Japan’s Export Controls on Chip Making Tools: Tensions and Coordination Challenges

In a move to align with U.S. policies aimed at restricting China’s ability to produce advanced semiconductors, Japan has implemented export controls on chip making tools. While the intention behind these controls is to address concerns related to China’s push for advanced technologies, some officials in Tokyo believe that the combative U.S. approach may hinder coordination and unnecessarily provoke Beijing. This article delves into the implications of Japan’s export controls, the concerns regarding coordination with the U.S. and the Netherlands, and the potential impact on the global chip manufacturing industry.

Japan’s Broad Equipment Controls

Japan’s recent export controls involve restricting 23 types of equipment used in chip manufacturing, ranging from machines that deposit films on silicon wafers to devices that etch out microscopic circuits.
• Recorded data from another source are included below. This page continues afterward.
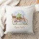 Decorative pillow "Happy Easter" with the image of a bunny on a bicycle.
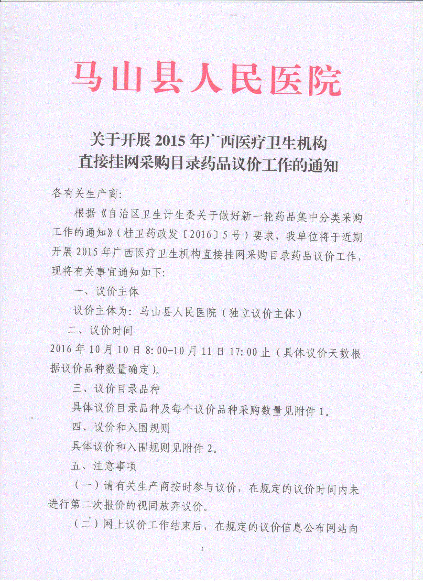 > 广西壮族自治区南宁市马山县人民医院关于开展2015年广西医疗卫生机构直接挂网采购目录药品议价工作的通知
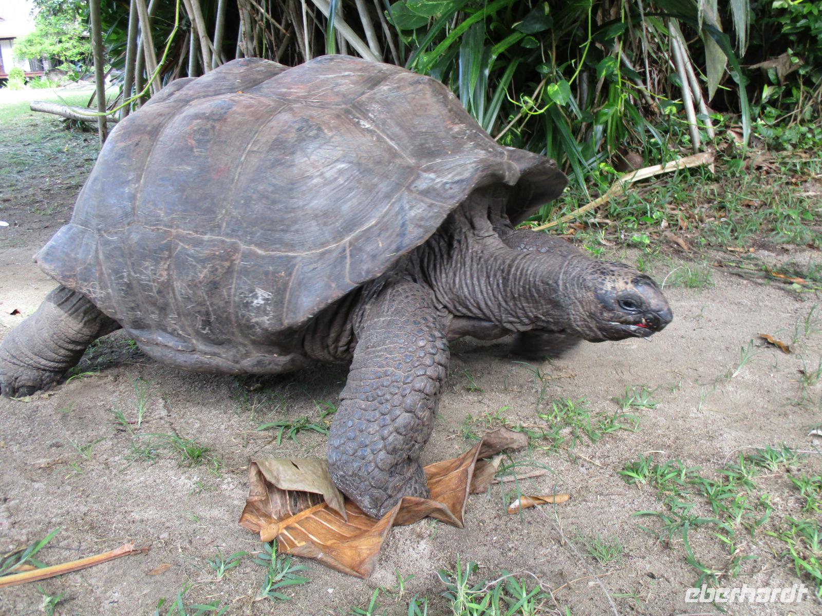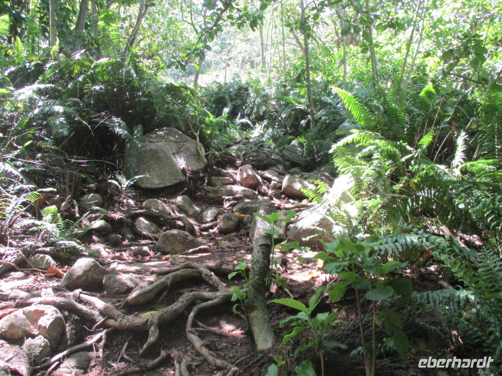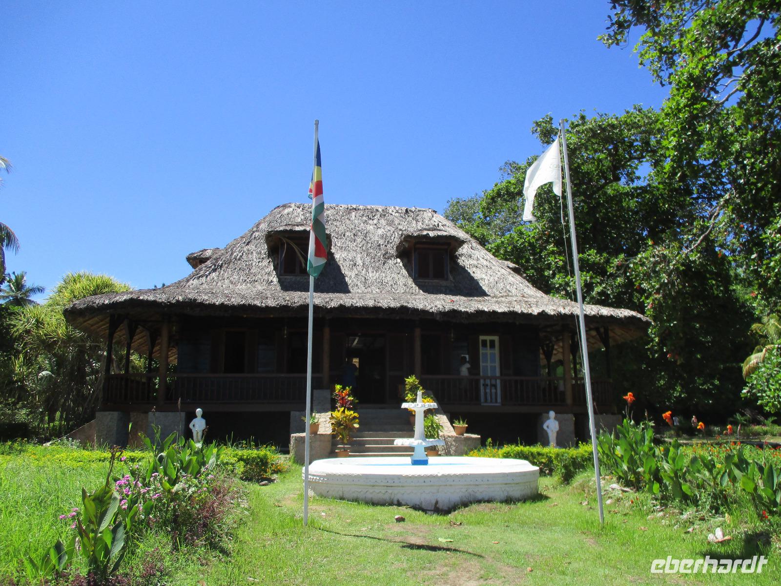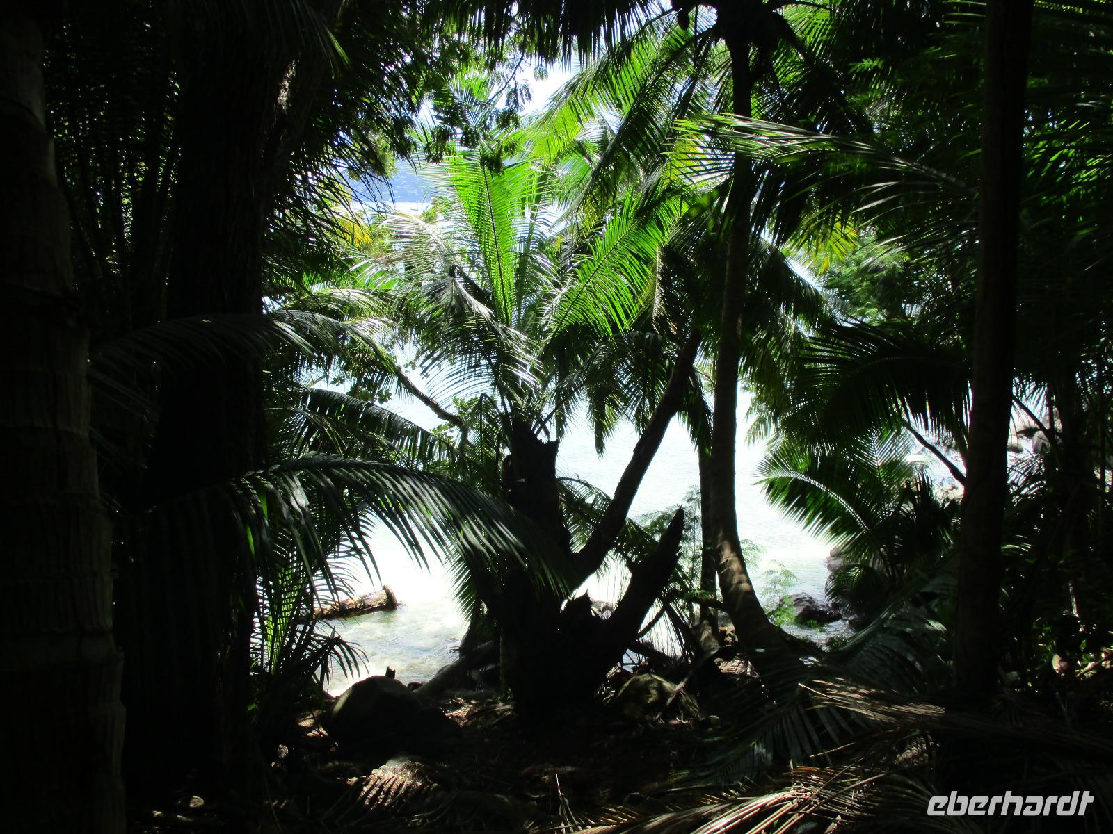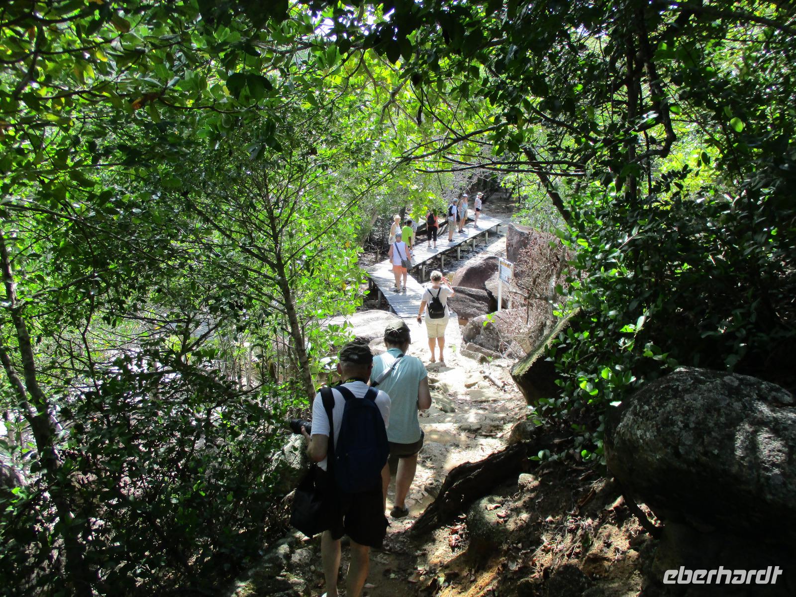 Gemeinsam mit Cyrill checkten wir aus unserem Hotel aus und stiegen pünktlich um 9:00 Uhr in unseren Bus. Heute erkundeten wir die Hauptinsel der Seychellen bei einer Rundfahrt. Cyrill erklärte uns viel über die Tier- und Pflanzenwelt und das Leben der Menschen hier auf Mahé. Hin und wieder stiegen wir aus, spazierten unter seiner Anleitung umher und erfuhren viel Interessantes von ihm. Schöne Fotos sind an diesem Tag sicher auch entstanden. Wir erreichten schließlich die Mission Lodge, ein hinter Teeplantagen versteckter Ort. Dorthin hatten sich einst Sklaven geflüchtet und eine kleine Siedlung gegründet, um den menschen-unwürdigen Bedingungen der Sklaverei auf den Plantagen zu entgehen. Die Ruinen der kleinen Hütten, die sie damals bauten, künden heute noch von dieser Zeit. Von einer Anhöhe aus hatten wir einen beeindruckenden Ausblick hinunter auf eine Bucht. Ein kräftiger Regenguss brachte uns Wasser von oben. Auf dem Rückweg zum Bus fotografierten wir noch die Jack-Frucht, oder auch Stinkfrucht genannt. Cyrill erzählte uns viel über die hier wachsenden Pflanzen, sogar die Zutaten für einen Sud zum Inhalieren aus der traditionellen Medizin der Seychellios konnte er uns nennen, natürlich alles Pflanzen, die man hier findet, unter anderem Zitronengras und die Sansibwurzel. Das Mittagessen ließen wir uns im traditionellen creolischen Restaurant „Marie Antoinette" schmecken. Viele Gäste kommen hier her, nicht nur wegen des leckeren Essens, sondern auch wegen der zahlreichen großen Landschildkröten, die es hinter uns in einem Gehege gab. Sie sollen Glück bringen, und so zieht es sicher auch viele Gäste aus diesem Grund hier her. Nach dem Essen hieß es erst einmal wieder Abschied nehmen von Cyrill und der Insel Mahé. Denn am Nachmittag sollten wir die Fähre nach Praslin besteigen, auf der zweitgrößten Insel der Seychellen würden wir die meiste Zeit unseres Aufenthaltes hier verbringen. Am Fähranleger, die hier immer Jetty heißen, verabschiedeten wir uns für diesen Tag von Cyrill, wir sollten ihn wieder sehen. Unser Gepäck wurde verladen. Nach einstündiger Überfahrt erreichten wir alle wohlbehalten den Anleger auf Praslin. Erwartet wurden wir schon von den Skippern des New Emerald Cove Hotels. Weil dieses Hotel nur auf dem Wasserweg zu erreichen ist, gingen wir zu einem kleinen Boot, unser Gepäck wurde auf ein anderes verladen und los ging es per Motorboot über die Bucht. Am anderen Ende legten wir an und betraten unser zu Hause für die nächsten zwei Wochen. Wir waren zwar erschöpft vom Tag und der Anreise, aber die Aussicht auf unsere Zeit hier zwischen Palmen, Strand und gemütlichen Bungalows gefiel uns gewaltig. Es sollte vor einiger Zeit hier mal eine Straße hin gebaut werden, irgendwie konnte das Projekt nicht vollendet werden, weil private Landbesitzer nichts davon für die Straße verkaufen wollten. Für uns stellte sich das als riesiger Glücksfall dar, denn so konnten wir unsere Zeit hier in Abgeschiedenheit und Ruhe genießen. Nur wenige Gäste fasst das Hotel überhaupt, manchmal waren wir die einzigen, die den langen weißen Sandstrand benutzten. Also ein herrlicher Ort für ein paar erholsame Tage im Paradies. Wir wurden mit einem Cocktail begrüßt und später in unsere Bungalows geführt. Wir erfuhren einiges zu den Möglichkeiten im Hotel, so werden beispielsweise kostenfreie Schnorchel- und Wanderausflüge angeboten. Nach dem gemeinsamen Abendessen schliefen wir unsere erste Nacht im New Emerald Cove Hotel und freuten uns auf die kommenden Tage hier.
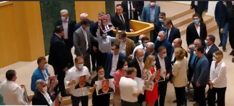 შს მინისტრის ვახტანგ გომელაურის ტრიბუნასთან მისვლის შემდეგ ოპოზიციონერი დეპუტატები მასთან გარდაცვლილი ოპერატორის ლექსო ლაშქარავას ფოტოებით მივიდნენ. მათ თან აქვთ ასევე პლაკატები ირაკლი ღარიბაშვილის გადადგომის მოთხოვნით. “ქართული ოცნების” დეპუტატე...
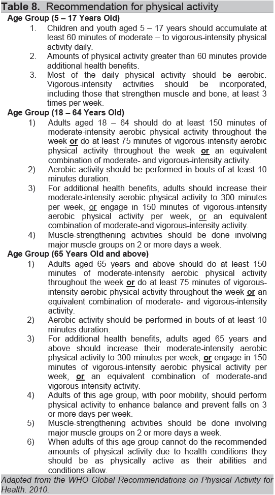 Table 8. Recommendation for physical activity
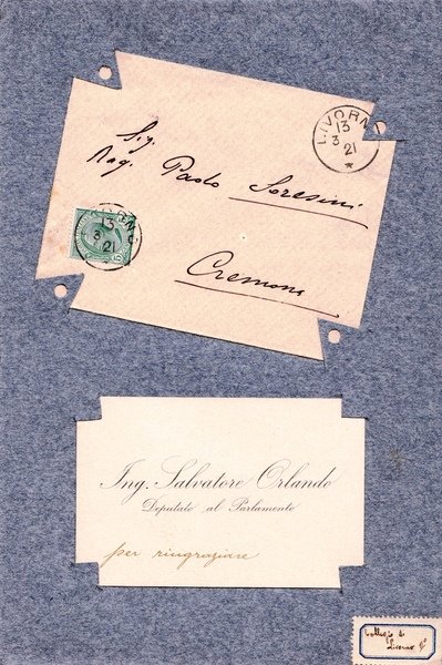 Salvatore Orlando. (Genova, 1856 – Livorno, 1926). ingegnere e politico italiano, Progettò i famosi MAS. Biglietto da visita completo di busta.
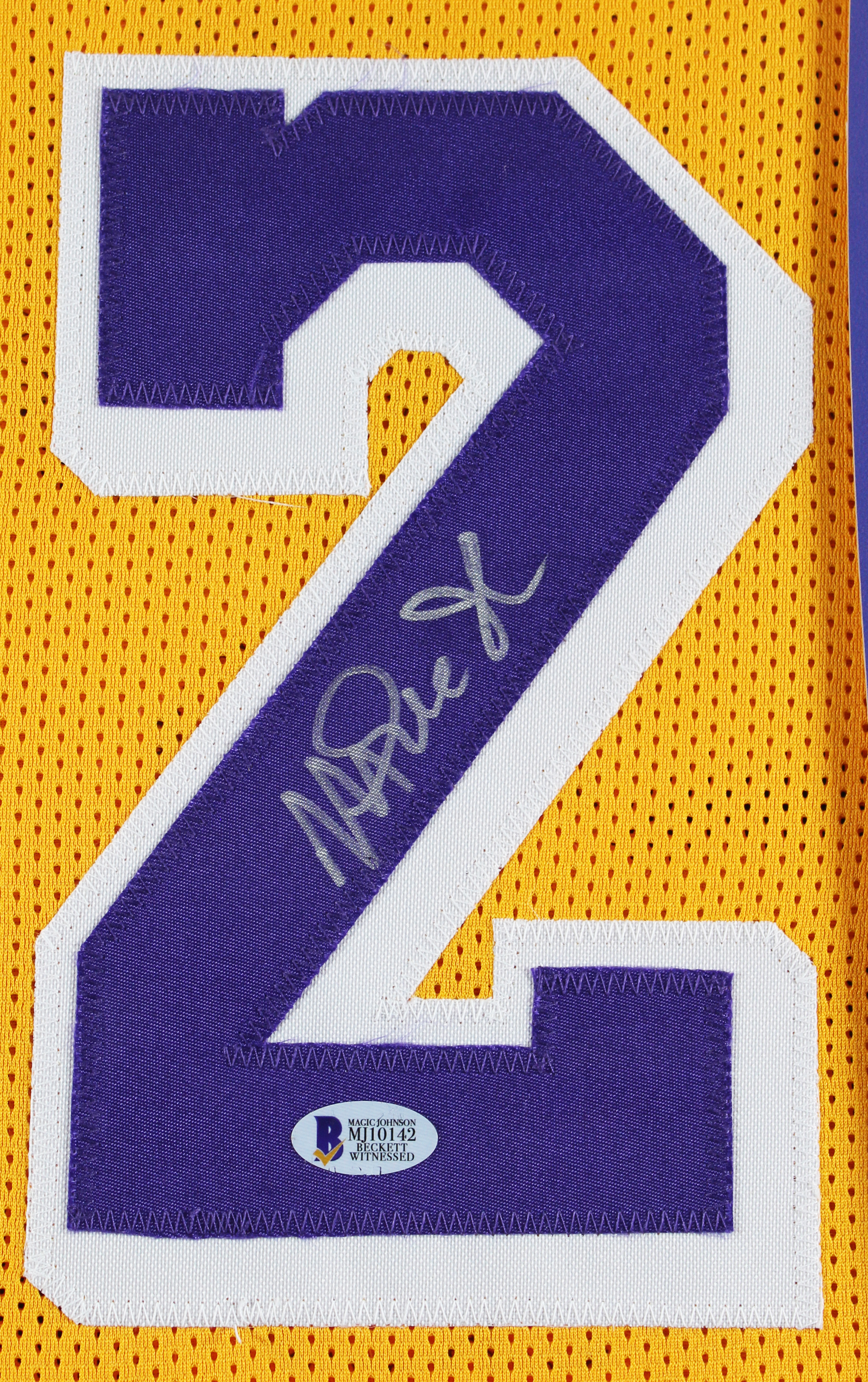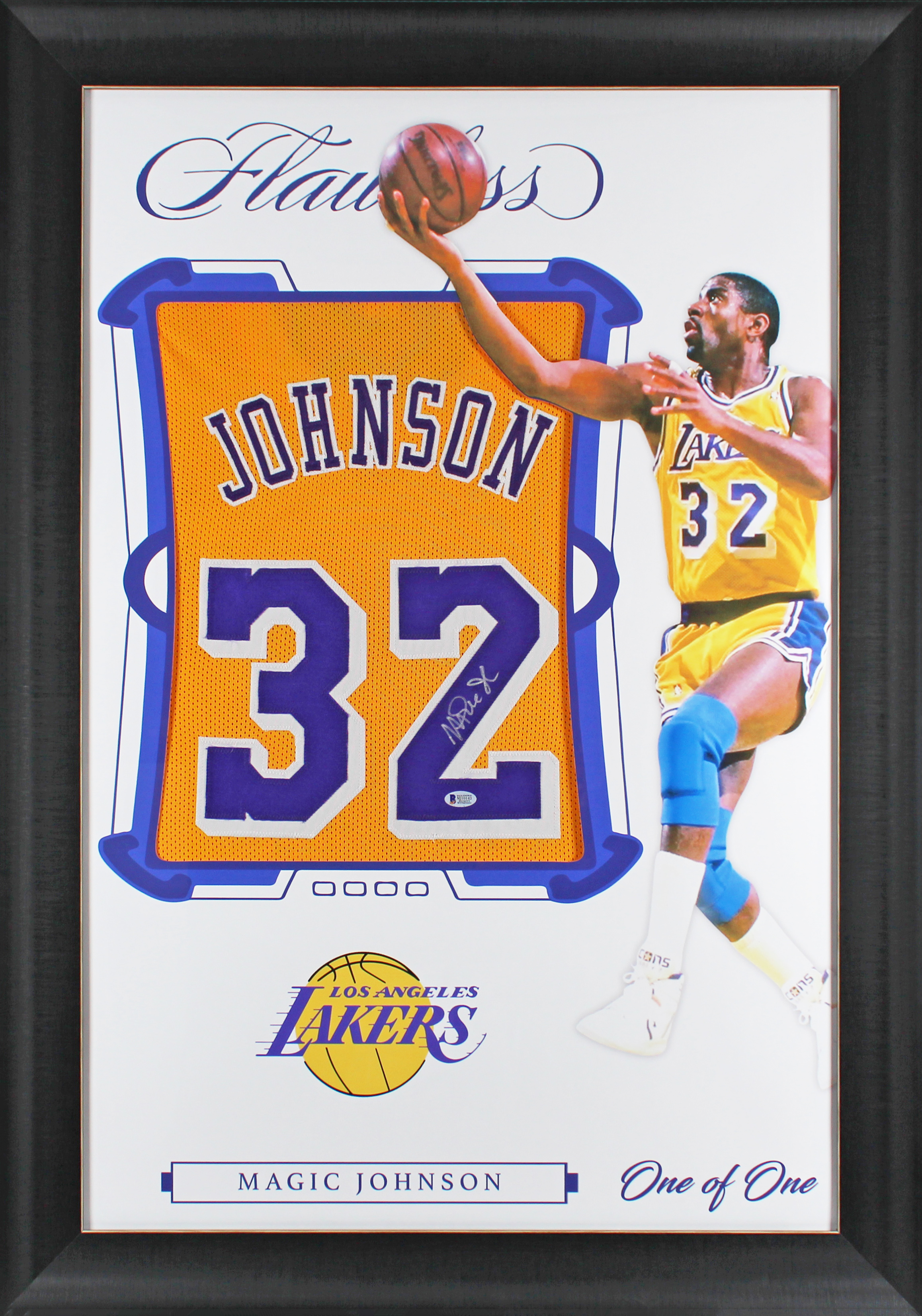 This Autographed One of One Jersey Framed Display has been Personally Signed by Magic Johnson of the Los Angeles Lakers. This item is 100% Authentic to include a hologram by Beckett Authentication Services. This item will come with an affixed Beckett Authentication Services (BAS) authentication sticker, which includes a scannable QR code to verify authenticity. Please note that Beckett no longer provides serial-numbered COA cards, and the attached BAS sticker will serve as the complete authentication for this item. This is a BAS Witnessed Protection Program item which means a Beckett Authentication Service representative was present when this item was being signed. We conducted an autograph signing with Magic Johnson where multiples of the same item were signed. While the photographs are representative of this item, the size, placement and strength of the signature may vary. Each item is hand signed, therefore, each autograph is unique. This item can be verified through BAS Witnessed. This item has been professionally framed to overall dimensions of approximately 28.5 x 40.5 inches.

Notably, unlike the U.S., which specifically references China in its October announcement targeting Chinese companies, Japan has chosen broad equipment controls not explicitly aimed at its larger neighbor. This approach has raised concerns among some Japanese officials, who believe that there is no need to identify the country and that controlling the item itself should suffice.

The Need for Coordination and Unity

Coordination between Japan, the U.S., and the Netherlands is crucial in aligning their respective controls on chip making equipment. Drawing the line between what can be safely let go and what needs to be restricted is a challenging task. Jim Lewis, a former U.S. State Department and Commerce Department official, emphasizes the importance of cooperation while acknowledging that each country may have a slightly different threshold. All three countries aspire to add chip tools to the list of controlled items under the Wassenaar Arrangement, an international agreement established after the Cold War. However, achieving unanimous backing from the 42 member nations, including Russia, seems unlikely.

To overcome potential coordination difficulties, an alternative approach could involve forming a closer group comprising Japan, the U.S., and the Netherlands to oversee chip manufacturing tools. This group could eventually expand to include other countries, ensuring a more unified approach.

The Implications and Perspectives

The implications of these export controls extend beyond Japan and impact the global chip manufacturing industry. While some Japanese chip tool makers anticipate only a limited business impact, concerns remain about potential retaliatory measures from China, such as a ban on Japanese electric cars.

In anticipation of updates to U.S. regulations, there are speculations that the Biden administration will align with Japan’s broader tool list. Additionally, there are indications that the U.S. may go further than the Netherlands in limiting the supply of Dutch lithography machines to certain Chinese plants. Such actions, however, require coordination with Japan to ensure consistency in blocking restricted items.

Japan’s imposition of export controls on chip making tools to align with U.S. policies has sparked concerns about coordination, potential retaliation, and unity among countries addressing China’s push for advanced technologies. With the global chip manufacturing industry at stake, close cooperation between Japan, the U.S., and the Netherlands is essential. By finding common ground and working together, these nations can navigate the complex landscape of export controls and contribute to a more balanced and secure technology ecosystem.